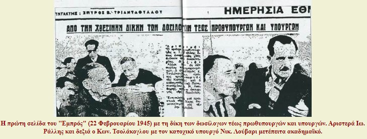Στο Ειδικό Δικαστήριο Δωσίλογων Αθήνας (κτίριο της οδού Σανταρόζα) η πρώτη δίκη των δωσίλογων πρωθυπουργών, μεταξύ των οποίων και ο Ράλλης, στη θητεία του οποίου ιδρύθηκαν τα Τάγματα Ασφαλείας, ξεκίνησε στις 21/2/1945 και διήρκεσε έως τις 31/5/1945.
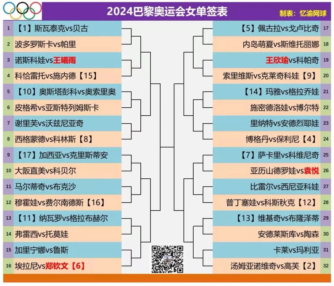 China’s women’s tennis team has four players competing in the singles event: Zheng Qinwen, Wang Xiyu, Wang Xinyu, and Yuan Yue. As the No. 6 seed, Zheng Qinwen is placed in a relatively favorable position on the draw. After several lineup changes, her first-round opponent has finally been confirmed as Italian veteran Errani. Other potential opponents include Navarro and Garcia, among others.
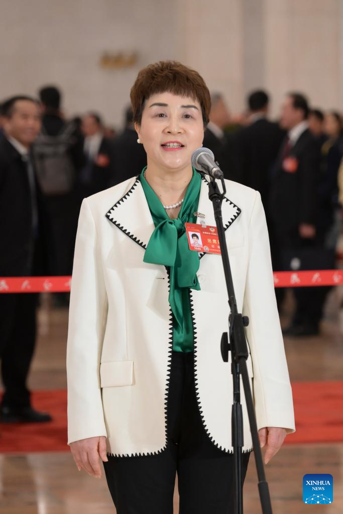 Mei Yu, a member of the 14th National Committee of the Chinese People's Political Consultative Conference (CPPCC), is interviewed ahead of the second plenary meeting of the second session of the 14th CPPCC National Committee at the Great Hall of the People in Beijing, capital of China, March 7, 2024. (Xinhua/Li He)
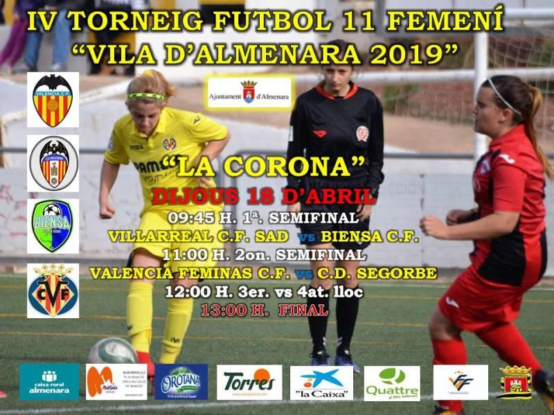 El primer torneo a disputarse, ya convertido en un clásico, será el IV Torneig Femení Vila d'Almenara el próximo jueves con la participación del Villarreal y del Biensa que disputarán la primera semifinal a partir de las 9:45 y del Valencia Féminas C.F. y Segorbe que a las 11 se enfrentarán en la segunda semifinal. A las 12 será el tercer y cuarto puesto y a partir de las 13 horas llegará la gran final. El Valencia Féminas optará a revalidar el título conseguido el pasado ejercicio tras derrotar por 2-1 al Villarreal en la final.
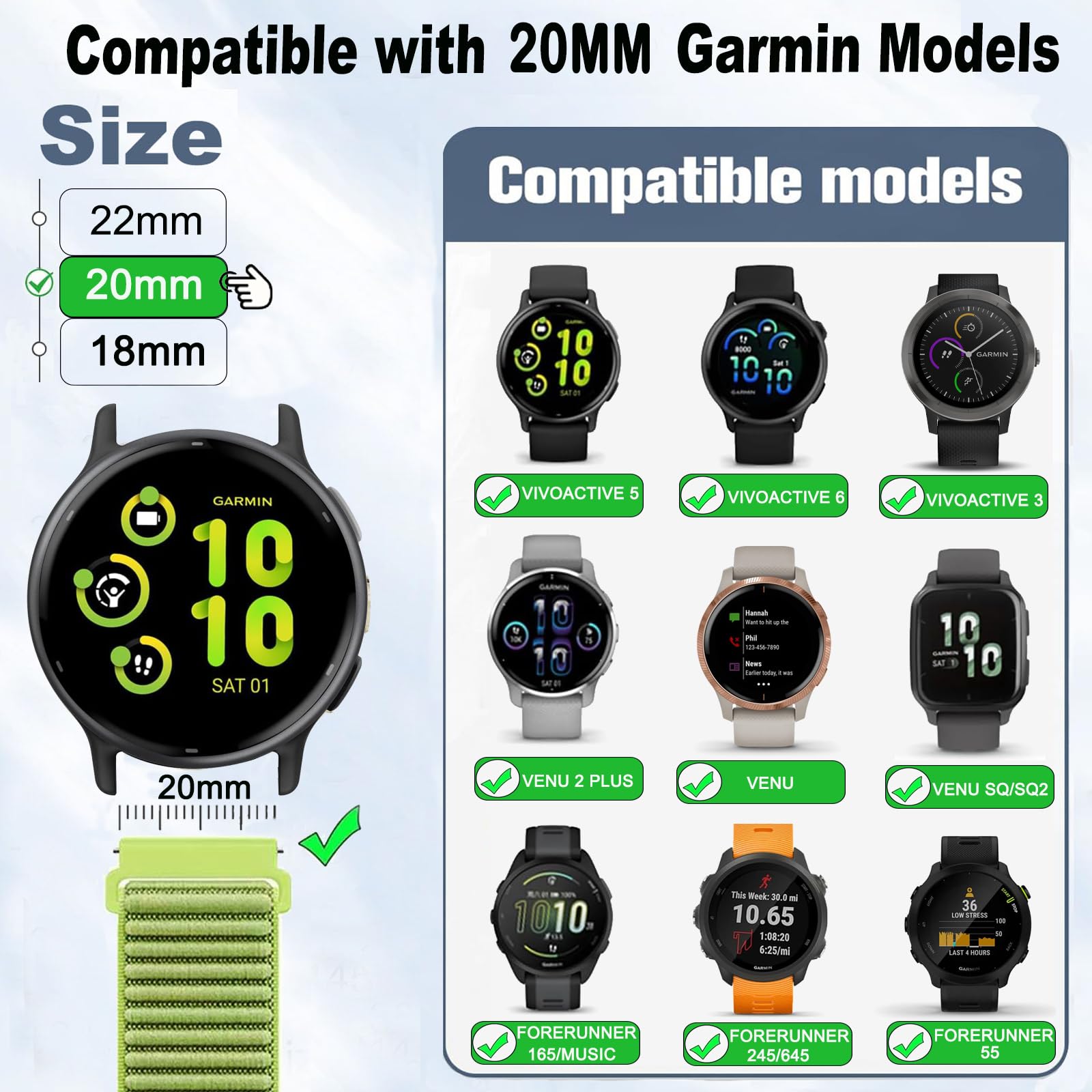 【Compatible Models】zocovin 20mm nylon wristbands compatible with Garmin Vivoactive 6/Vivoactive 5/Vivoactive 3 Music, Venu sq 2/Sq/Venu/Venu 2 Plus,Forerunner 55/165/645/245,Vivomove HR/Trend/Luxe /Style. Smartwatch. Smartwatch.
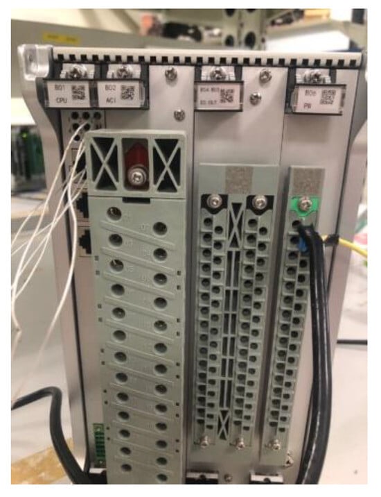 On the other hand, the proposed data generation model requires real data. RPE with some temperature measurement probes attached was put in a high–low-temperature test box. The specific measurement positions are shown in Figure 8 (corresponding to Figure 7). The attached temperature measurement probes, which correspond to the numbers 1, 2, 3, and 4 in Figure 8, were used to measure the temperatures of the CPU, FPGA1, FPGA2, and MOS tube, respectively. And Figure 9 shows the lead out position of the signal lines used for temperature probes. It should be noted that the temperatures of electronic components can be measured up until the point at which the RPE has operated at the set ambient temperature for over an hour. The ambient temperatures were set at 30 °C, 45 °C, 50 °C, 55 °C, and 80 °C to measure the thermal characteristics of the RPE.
--
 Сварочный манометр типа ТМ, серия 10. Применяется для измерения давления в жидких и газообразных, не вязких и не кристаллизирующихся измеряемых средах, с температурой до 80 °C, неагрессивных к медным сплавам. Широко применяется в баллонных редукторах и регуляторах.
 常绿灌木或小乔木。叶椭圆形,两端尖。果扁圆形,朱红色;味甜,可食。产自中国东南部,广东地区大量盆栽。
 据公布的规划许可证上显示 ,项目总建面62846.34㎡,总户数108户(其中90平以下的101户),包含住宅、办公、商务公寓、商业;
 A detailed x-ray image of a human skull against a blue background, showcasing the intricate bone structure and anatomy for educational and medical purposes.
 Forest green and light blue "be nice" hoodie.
* * *
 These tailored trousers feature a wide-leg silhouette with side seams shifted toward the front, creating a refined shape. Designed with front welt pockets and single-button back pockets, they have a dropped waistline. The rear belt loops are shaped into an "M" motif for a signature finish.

Action item
Reproduce only the lines above, starting at the line with "据公布的规划许可证上显示 ,项目总建面6" and ending at the line with "Forest green and", exactly as written.

Result for this exercise
 据公布的规划许可证上显示 ,项目总建面62846.34㎡,总户数108户(其中90平以下的101户),包含住宅、办公、商务公寓、商业;
 A detailed x-ray image of a human skull against a blue background, showcasing the intricate bone structure and anatomy for educational and medical purposes.
 Forest green and light blue "be nice" hoodie.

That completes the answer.